AWS Cost & Capacity Planning
Comprehensive budget planning and cost optimization for AWS EKS TES deployment
Monthly Cost Breakdown
Base Scenario: 1000 Genomics Tasks (2-Hour Average)
Assumptions:
- Average task duration: 2 hours
- Average task size: 4 vCPU, 8 GB RAM
- 1000 tasks/month
- Total compute: 2000 vCPU-hours/month
- 70% Spot, 30% On-Demand mix
Cost Breakdown
| Component | Unit Cost | Usage | Monthly Cost |
|---|---|---|---|
| EKS Control Plane | $0.10 | 1 cluster | $0.10 |
| EC2 On-Demand | $0.28/hr (c6g.large) | 600 vCPU-hrs ÷ 2 = 300 hrs | $84 |
| EC2 Spot | $0.084/hr (c6g.large) | 1400 vCPU-hrs ÷ 2 = 700 hrs | $58.80 |
| EBS Storage | $0.10/volume + $0.000417/IOPS-month | 40 nodes × $0.10 + IOPS | $10 |
| EFS Storage | $0.30/GB-month | 100 GB | $30 |
| S3 Storage | $0.023/GB-month | 500 GB | $11.50 |
| S3 Requests | $0.0004/1000 GET | 1M requests | $0.40 |
| Data Transfer Out | $0.02/GB | 100 GB | $2 |
| ALB | $18.25 + $0.006/LB-hour | 1 LB (optional) | ~$22 (optional) |
| TOTAL (with ALB) | ~$218 | ||
| TOTAL (without ALB) | ~$196 |
Cost Scenarios
Scenario 1: Small Lab (200 Tasks/Month)
Compute: 400 vCPU-hours
- 120 vCPU-hrs on-demand × $0.28 = $33.60
- 280 vCPU-hrs spot × $0.084 = $23.52
Storage: 50 GB EFS, 200 GB S3
- EFS: 50 × $0.30 = $15
- S3: 200 × $0.023 = $4.60
Infrastructure:
- EKS: $0.10
- EBS: $5
- Requests: <$1
TOTAL: ~$83/month
Use case: Testing, development, pilot studies
Cost breakdown:
- Compute: 65%
- Storage: 25%
- Infrastructure: 10%
Scenario 2: Medium Production (1000 Tasks/Month)
Compute: 2000 vCPU-hours
- 600 vCPU-hrs on-demand × $0.28 = $168
- 1400 vCPU-hrs spot × $0.084 = $117.60
Storage: 100 GB EFS, 500 GB S3
- EFS: 100 × $0.30 = $30
- S3: 500 × $0.023 = $11.50
Infrastructure:
- EKS: $0.10
- EBS: $10
- Requests: $0.50
TOTAL: ~$337/month
Use case: Standard genomics analysis, daily workflows
Cost breakdown:
- Compute: 85%
- Storage: 12%
- Infrastructure: 3%
Scenario 3: High-Volume Production (5000 Tasks/Month)
Compute: 10000 vCPU-hours
- 3000 vCPU-hrs on-demand × $0.28 = $840
- 7000 vCPU-hrs spot × $0.084 = $588
Storage: 500 GB EFS, 2 TB S3
- EFS: 500 × $0.30 = $150
- S3: 2000 × $0.023 = $46
Infrastructure:
- EKS: $0.10
- EBS: $30
- Requests: $2
- ALB: $22
TOTAL: ~$1,679/month
Use case: Large-scale research, production genomics platform
Cost breakdown:
- Compute: 85%
- Storage: 12%
- Infrastructure: 3%
Cost Optimization
1. Maximize Spot Usage
Strategy: Use Spot for fault-tolerant tasks, keep on-demand for critical workloads
Savings:
- Spot instances: 70% cheaper than on-demand
- Mix 70% Spot / 30% On-Demand → 40% overall compute savings
Implementation:
# In Cromwell runtime block
runtime {
docker: "my-image:latest"
cpu: 4
memory: "8 GB"
# For fault-tolerant tasks (most genomics)

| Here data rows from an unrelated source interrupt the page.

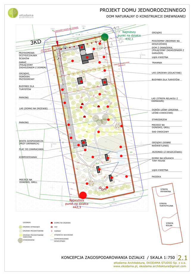 Dom i garaż to dopiero pierwszy etap większej inwestycji agroturystycznej, w której króluje głęboka ekologia i permakultura. Zgodnie z naszą autorską metodą „ekozoning”, przygotowałyśmy masterplan całego założenia, który będzie sukcesywnie realizowany. To nie tylko dom, to początek całego ekosystemu – plan przewiduje budowę naturalnych zbiorników retencyjnych na deszczówkę, kolejnych domków gościnnych oraz tiny house'ów. Powstanie tu leśna wioska z pasieką, łąkami kwietnymi, uprawami leśnymi i grządkami, a także wyjątkowe strefy relaksu dla turystów płynnie połączone z lasem.
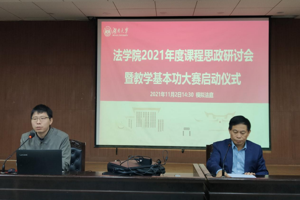 课程思政研讨会暨教学基本功大赛启动仪式,全体任课教师参加会议。易骆之书记主讲“坚持立德树人、培养德法兼修的法治人才”,蒋海松副院长传达了《91论坛
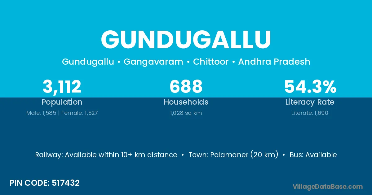 Palamaner (20 km) is the nearest town to Gundugallu village for major economic activities and is located approximately 20 km away.

zones: ["spot"] # Or allow both: ["spot", "on-demand"]
}
Cost impact:
- 2000 vCPU-hours at 70% spot: $142.80 vs $560 on-demand
- Savings: $417/month
2. Right-Size Instances
Don’t over-provision instances
✗ Wrong: Running c6g.4xlarge (16 vCPU) for 4-vCPU task
Cost per task: 16 × $0.28/hr × 2hr = $8.96
Wasted: 75% of CPU
✓ Correct: Running c6g.large (2 vCPU) for 4-vCPU task with 2 instances
Cost per task: (2 × 2) × $0.084/hr × 2hr = $0.67 (2 tasks run in parallel)
Efficiency: 100%
Karpenter auto-sizing:
# Karpenter will select smallest fitting instance
# This naturally right-sizes workloads
requirements:
- key: node.kubernetes.io/instance-cpu
operator: Lt
values: ["16"] # Don't use >16 vCPU instances
Cost impact:
- Right-sizing reduces wasted capacity
- Savings: 15–25% of compute costs
3. Consolidate During Off-Hours
Scale down at night
# Cron job to consolidate (0:00 UTC)
0 0 * * * kubectl patch nodepool workers --type=merge -p \
'{"spec":{"consolidateAfter":"1s"}}' && sleep 300 && \
kubectl patch nodepool workers --type=merge -p \
'{"spec":{"consolidateAfter":"30s"}}'
Cost impact:
- If 30% of tasks run off-hours: 30% consolidation
- Savings: $15–50/month for small deployments
4. Use EFS Provisioned Throughput Instead of Burst
When to switch:
| Metric | Burst | Provisioned | Decision |
|---|---|---|---|
| Baseline throughput | 1–3 MB/s | 1–1000 MB/s | If need >3 MB/s, switch to provisioned |
| Burst credit usage | 0 credits/day | N/A | If credits exhausted daily, switch |
| Cost | $0.30/GB | $0.30/GB + $0.10/MB/s-month | Provisioned if >330 MB/s sustained |
| Use case | Bursty I/O (genomics typical) | Sustained high throughput (big files) | Genomics = burst, keep burst |
Decision tree:
Do you have sustained 4+ hours of IO per day?
No → Use Burst (save $)
Yes → Check throughput need
<3 MB/s → Use Burst
3–30 MB/s → Use Provisioned (1–10 MB/s level)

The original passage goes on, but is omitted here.